Stellar Collisions and Blue Straggler Stars in Dense Globular Clusters

TL;DR

This study uses advanced simulations to analyze blue straggler star formation in globular clusters, revealing the dominant formation channels depend on cluster density and highlighting the weak correlation with traditional collision rate estimates.

Contribution

The paper introduces comprehensive Monte Carlo models that incorporate all relevant physical processes, providing new insights into BSS formation channels and their dependence on cluster properties.

Findings

Stellar collisions dominate BSS formation in dense clusters.

Mass transfer in binaries significantly contributes in lower density clusters.

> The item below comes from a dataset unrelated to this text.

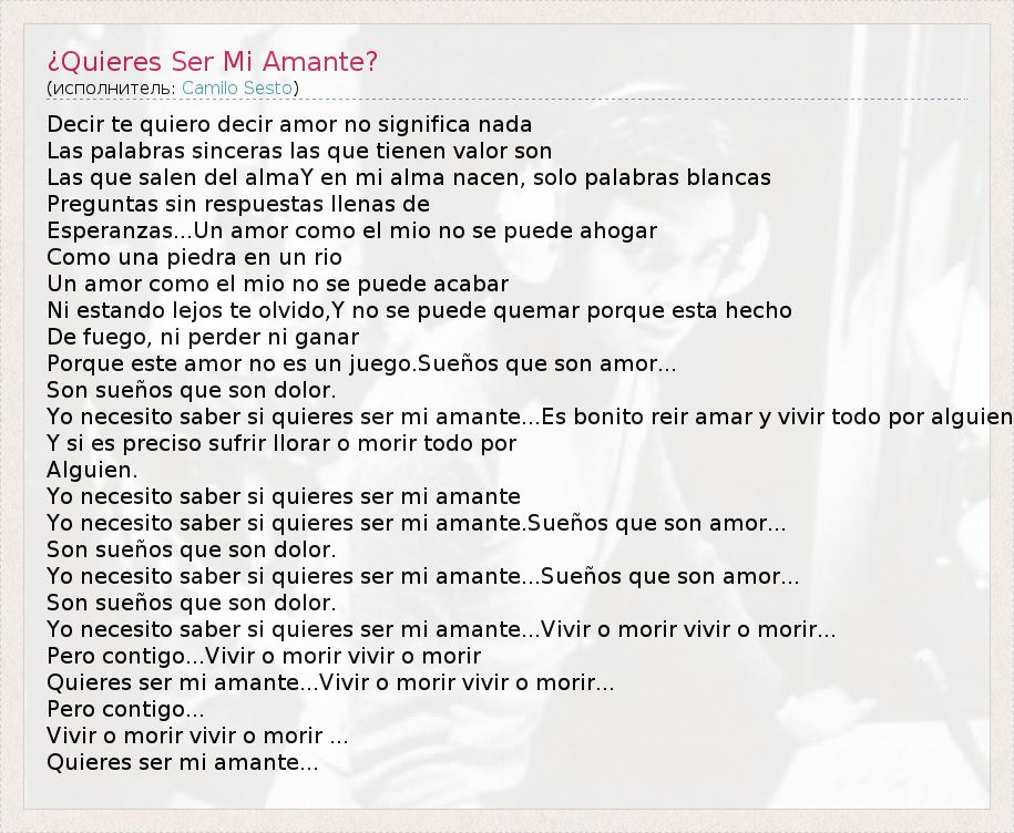 А как ты думаешь, о чем песня "¿Quieres Ser Mi Amante?" ?

BSS numbers correlate with binary fraction, not collision rate.

Abstract

Blue straggler stars (BSS) are abundantly observed in all Galactic globular clusters (GGC) where data exist. However, observations alone cannot reveal the relative importance of various formation channels or the typical formation times for this well studied population of anomalous stars. Using a state-of-the-art H\'enon-type Monte Carlo code that includes all relevant physical processes, we create 128 models with properties typical of the observed GGCs. These models include realistic numbers of single and binary stars, use observationally motivated initial conditions, and span large ranges in central density, concentration, binary fraction, and mass. Their properties can be directly compared with those of observed GGCs. We can easily identify the BSSs in our models and determine their formation channels and birth times. We find that for central densities above ~10^3 Msun/pc^3 the dominant formation channel is stellar collisions while for lower density clusters, mass transfer in binaries provides a significant contribution (up to ~ 60% in our models). The majority of these collisions are binary-mediated, occurring during 3-body and 4-body interactions. As a result a strong correlation between the specific frequency of BSSs and the binary fraction in a cluster can be seen in our models. We find that the number of BSSs in the core shows only a weak correlation with the collision rate estimator \Gamma traditionally used by observers, in agreement with the latest Hubble Space Telescope (ACS) data. Using an idealized "full mixing" prescription for collision products, our models indicate that the BSSs observed today may have formed several Gyrs ago. However, denser clusters tend to have younger (~1 Gyr) BSSs.